In some embodiments of the invention, the nutrient intake profile is calculated from the age, sex, and food material information of the multi-day meal of each sample in the first sample set, and the nutrient intake profile is characterized by the second data set. The nutrient intake is divided into three cases: if the value is lower than the standard value, the value is recorded as low; equal to the standard value, and is recorded as medium or moderate; higher than the standard value, high or slightly high.
Referring to fig. 3, in some embodiments of the invention, the nutrients include protein, fat, glucose.
Preferably, the characteristics of the second sample set include age, glycemic load, fat, protein, obesity, genetic history of diabetes. Note that, glycemic load index (GL): GL ═ food GI × the amount of actually available carbohydrate (g) ingested for that food. Glycemic Index (GI): refers to the percentage value of the blood glucose response level in vivo after eating a carbohydrate 50g meal or an equivalent amount of standard meal (glucose or white bread). The calculation formula is as follows: glycemic index is the area under the curve for the rise in blood glucose two hours after eating a certain food containing 100g of glucose equivalent in sugar/the area under the curve for the rise in blood glucose two hours after eating 100g of glucose x 100. The GI value of glucose is usually set to 100. Therefore, the glycemic load is somewhat related to other nutrients such as glucose, proteins, fats, etc.
Referring to fig. 3, 5a and 5b, in some embodiments of the invention, to prevent under-or over-fitting of the model, the features of the sample need to be normalized.
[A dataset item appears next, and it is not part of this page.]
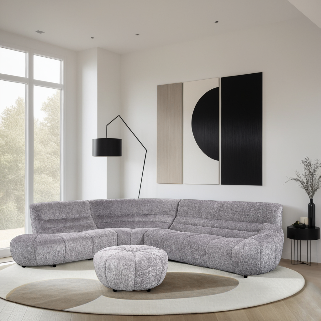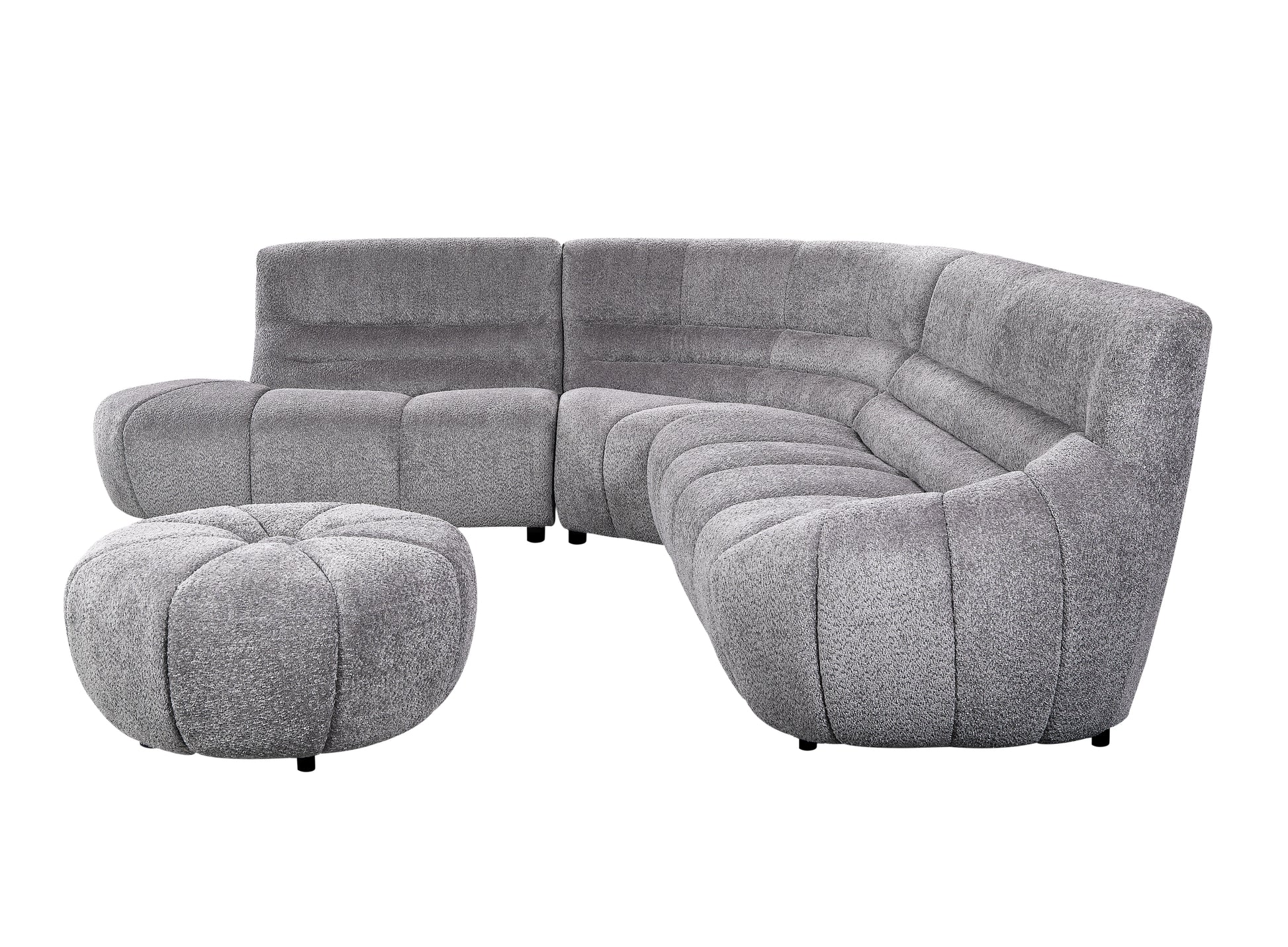 Introducing the Kenzo Sectional, a perfect blend of contemporary design and luxurious comfort. This stunning piece features a unique, sculpted silhouette with seamless curves and plush boucle gray fabric. The generously padded seats and backrests provide exceptional support and relaxation, making it ideal for lounging or entertaining. Its modular configuration offers versatile arrangement options to fit any living space, and the matching ottoman adds functionality and style. Elevate your home decor with the Kenzo Sectional, a statement piece that combines modern aesthetics with cozy comfort.

Because the food material information and the nutrients in the first sample set or the second sample set have a plurality of characteristics and the span range of the values is large, the classification results with relatively small other values are dominated by the characteristics, the influence of the other characteristics is weakened, and the data needs to be normalized. The characteristic dispersion is normalized by linear transformation of the original data, so that the result falls into a range from [0,1] to [0,10], and the range can be adjusted according to actual conditions.
Referring to FIG. 4, in some embodiments of the invention, the decision tree model has the blood Glucose Load (GL) as the root node of the decision tree model.
Referring to fig. 2, another aspect of the present invention provides a system 1 for predicting diabetes based on eating habits, including an obtaining module 11, a matching module 12, a calculating module 13, and a decision tree model 14, where the obtaining module 11 is configured to obtain food material information of a user, such as age, gender, weight, height, past history of diabetes, allergy history, and multi-day meal; the matching module 12 is used for searching the daily intake of nutrients and the content of the nutrients according to the gender and the age of the user; the calculation module 13 is used for performing weighted calculation on the content of the nutrients retrieved by the matching module and comparing the content of the nutrients with the daily intake to obtain the characteristics of the intake of the nutrients; the decision tree model 14 predicts the probability of the user suffering from diabetes based on the nutrient intake characteristics.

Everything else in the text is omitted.